◆ **Try it**:
With pictures removed, print the listing exactly.
═══ Collected material ═══
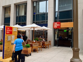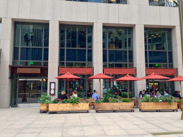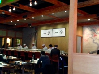 都会チックな居酒屋スタイルのレストランは、セレブシェフMicheal Mina(マイケル・ミナ)とソノマの日本食レストラン "HANA" ハナレストランのコラボ。 気がつけばダイニングも満席になっていたけど圧迫感がないのは、天井が高くゆったりとしてるからか? 建築家 Phillip Johnson氏らが手がけた1982年に完成のオフィスビルの一角。 モダンアートな間取りが店内をより一層洗練された空間にしている。
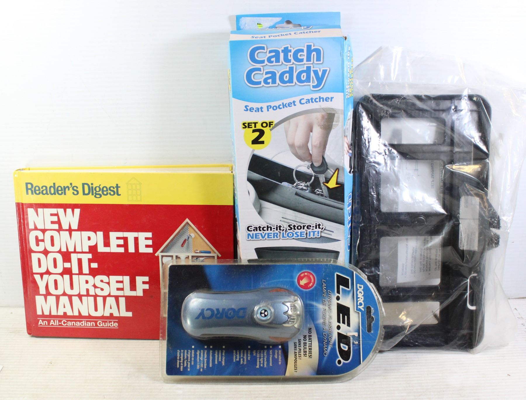 DORCY LED FLASHLIGHT, 2 NEW CAR CATCH CADDS, LICENCE PLATE BRACKET
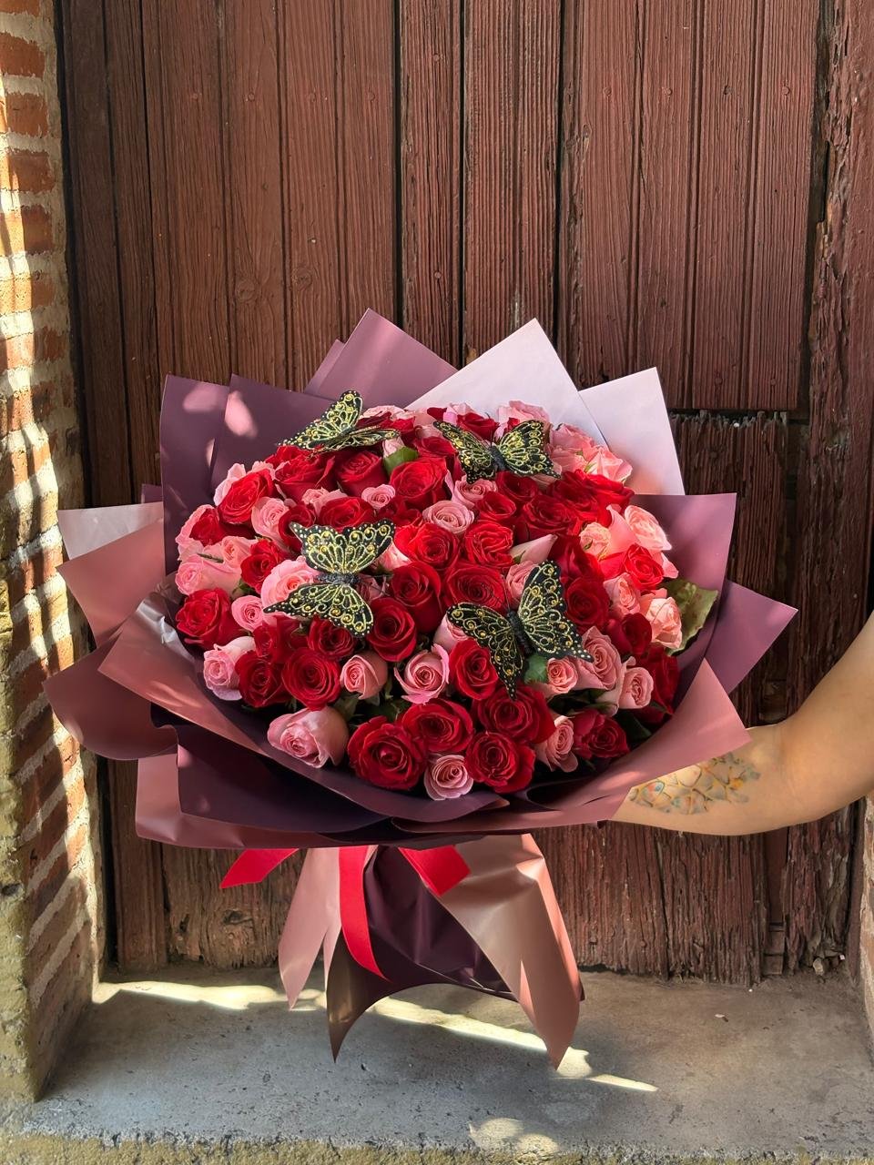 Ramo 100 rosas Amor en rosa con 4 mariposas
═══
◆ **Reply to the exercise**:
 都会チックな居酒屋スタイルのレストランは、セレブシェフMicheal Mina(マイケル・ミナ)とソノマの日本食レストラン "HANA" ハナレストランのコラボ。 気がつけばダイニングも満席になっていたけど圧迫感がないのは、天井が高くゆったりとしてるからか? 建築家 Phillip Johnson氏らが手がけた1982年に完成のオフィスビルの一角。 モダンアートな間取りが店内をより一層洗練された空間にしている。
 DORCY LED FLASHLIGHT, 2 NEW CAR CATCH CADDS, LICENCE PLATE BRACKET
 Ramo 100 rosas Amor en rosa con 4 mariposas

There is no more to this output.